— Это здесь? — вытащил меня из размышлений негромкий голос.
— Да. Спасибо, — сую таксисту тысячную купюру и скорее выхожу из машины.
На улице дождь, и он только усиливался. Времени на то, чтобы собраться с мыслями у меня не было. Я побежала через дорогу, к дому мужчины, о котором думала, что не имею права вспоминать. Мысли о нем вызывали во мне леденящий ужас. Направляясь сейчас к его порогу — я сильно рискую.
Миновав калитку, я побежала через двор к крыльцу, накрыв голову от дождя сумочкой.
Не знаю, дома ли он, но я намерена ждать сколько потребуется. Мне некуда идти. По правде, сюда мне тоже не следовало приходить.
Только я ступила на первую ступеньку крыльца, дождь перешел в ливень.
А что, если он уже спит? Второй час ночи. Ни в одном из окон света я не увидела.
Я хотя бы попытаюсь… Скорее всего, он и слушать не станет.
Позвонив в звонок дважды, а после постучав рукой в дверь несколько раз — спустя минуту я отчаялась. Мирона действительно не было дома. Скорее всего, он проводил время в городе. Но я уверена, что он по-прежнему владеет этим домом. Он бы его не продал.
Присев на самую верхнюю ступеньку, я стала ждать его. Меня затрясло от холода. Зубы стали настукивать ритм. Август в столице выдался слишком холодным. Но даже на таком холоде я умудрилась задремать. В самолете было совсем не до сна. От шока отходила.
В конце концов, я легла на бок, предварительно подложив сумочку под голову, и прикрыла веки.
Разбудил меня скрип калитки, но я почему-то не могла пошевелиться. Вся заледенела.
— Кто там? — раздался до дрожи знакомый голос и шаги, что звучали все громче и громче. — Какого черта… А ну, вставай.
Было темно. Он не мог меня сейчас узнать.
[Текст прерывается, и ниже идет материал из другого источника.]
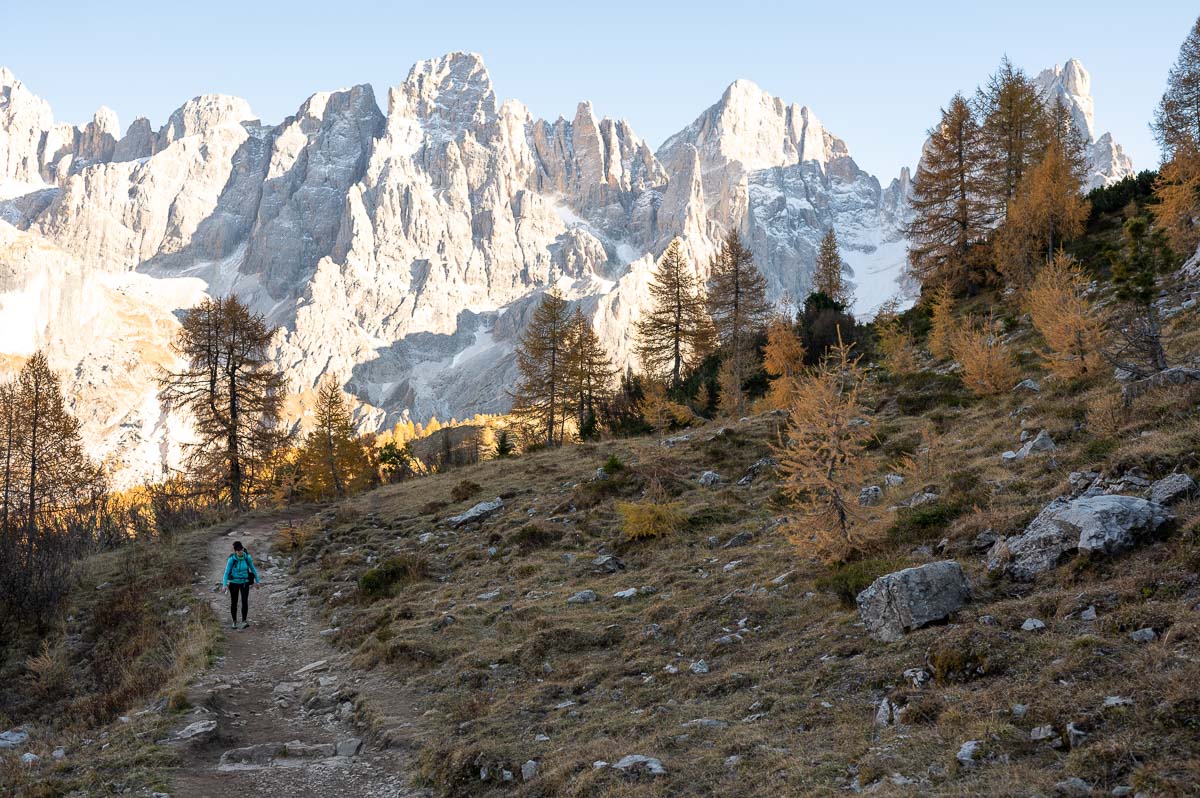 The larch trees filling Venegia Valley below were brightly coloured in yellows and oranges, creating a stunning atmosphere.

Подняв голову с сумочки, я приняла сидячее положение, но не поднялась на ноги, лишь задрала голову и убрала светлые пряди себе за уши, чтобы он мог увидеть мое лицо.
Мирон пошатнулся назад.
Он, наверное, столько искал меня… Хотел отомстить… Но вот спустя столько лет я сама пришла к нему. Растерзать или спасти — только ему решать.
— Лада?.. — опешил. Могу представить как закипела его кровь.
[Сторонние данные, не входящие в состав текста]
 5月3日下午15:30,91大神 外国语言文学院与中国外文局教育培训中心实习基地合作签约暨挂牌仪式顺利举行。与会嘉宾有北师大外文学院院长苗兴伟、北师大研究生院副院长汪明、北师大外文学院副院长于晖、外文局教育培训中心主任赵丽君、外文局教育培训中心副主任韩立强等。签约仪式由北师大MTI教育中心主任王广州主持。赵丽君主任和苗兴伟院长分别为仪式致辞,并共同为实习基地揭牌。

— Это я, — часто дышу от волнения.
Он молчал. Невыносимо долго молчал. Вдруг неожиданно ярко блеснула молния в полнеба, осветив на мгновение его лицо, и тут же раздался закладывающий уши раскат грома.
Погода идеально сыграла мое настроение и скопившееся напряжение. Меня всю пробрало до мурашек, но дело уже не в холоде. Зубы больше не стучали, но внутри все сжалось настолько, что дышать стало трудно.
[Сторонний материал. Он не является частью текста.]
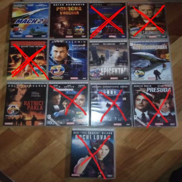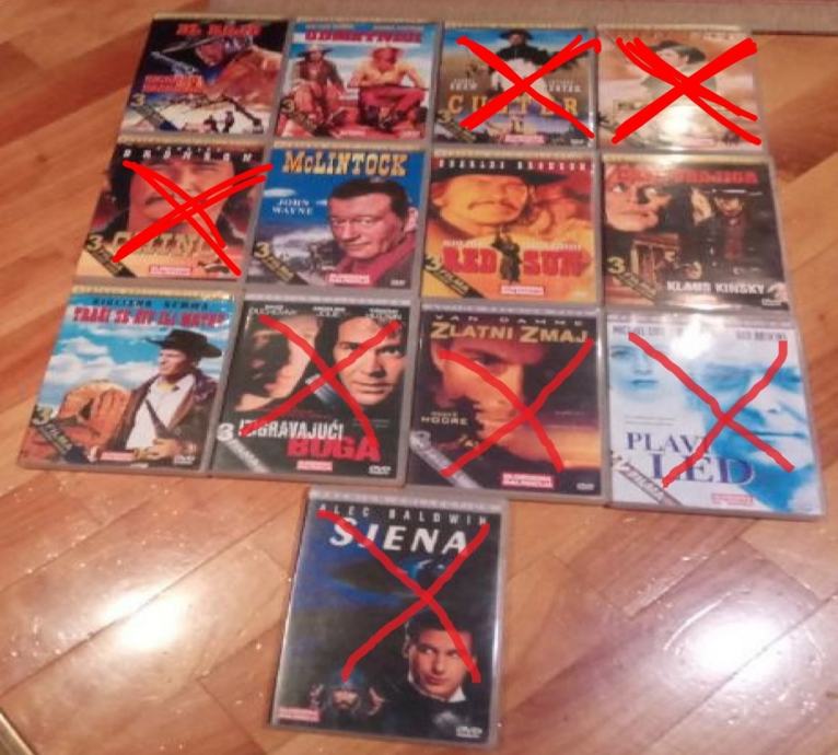 U ovom oglasu se prodaju DVD-i novinske naklade Slobodne Dalmacije sa po dva filma na DVD-u + crtani (na dva nema crtanoga). 9 DVD-a je kombinacija nekog Westerna i nekog filma, a ostala 4 su sa po dva filma koji nisu Western.

— Ты на моем крыльце, — констатирует. — Почему?
— Мне… нужно с тобой поговорить.
— Ты запоздала с разговором. Лет на шесть, — отчеканил холодно. — Поднимайся и убирайся, — добавил резко с полной готовностью самому выволочь меня за калитку.
— Мирон… — поднимаюсь и спускаюсь на одну ступеньку ниже.
— Ты меня не слышала?
— Послушай…
— Почему?
— Что, почему?
— Почему я должен тебя слушать?
— Не должен, но…
— Вот именно… Не должен, — и вдруг ядовито усмехнулся, смерив меня взглядом сверху вниз. — Как у тебя вообще хватило наглости прийти к моему порогу? — молчу, не нахожу ни единого слова, чтобы оправдать свой поступок. — Ты убила моего ребенка. Сбежала. Теперь что-то хочешь от меня?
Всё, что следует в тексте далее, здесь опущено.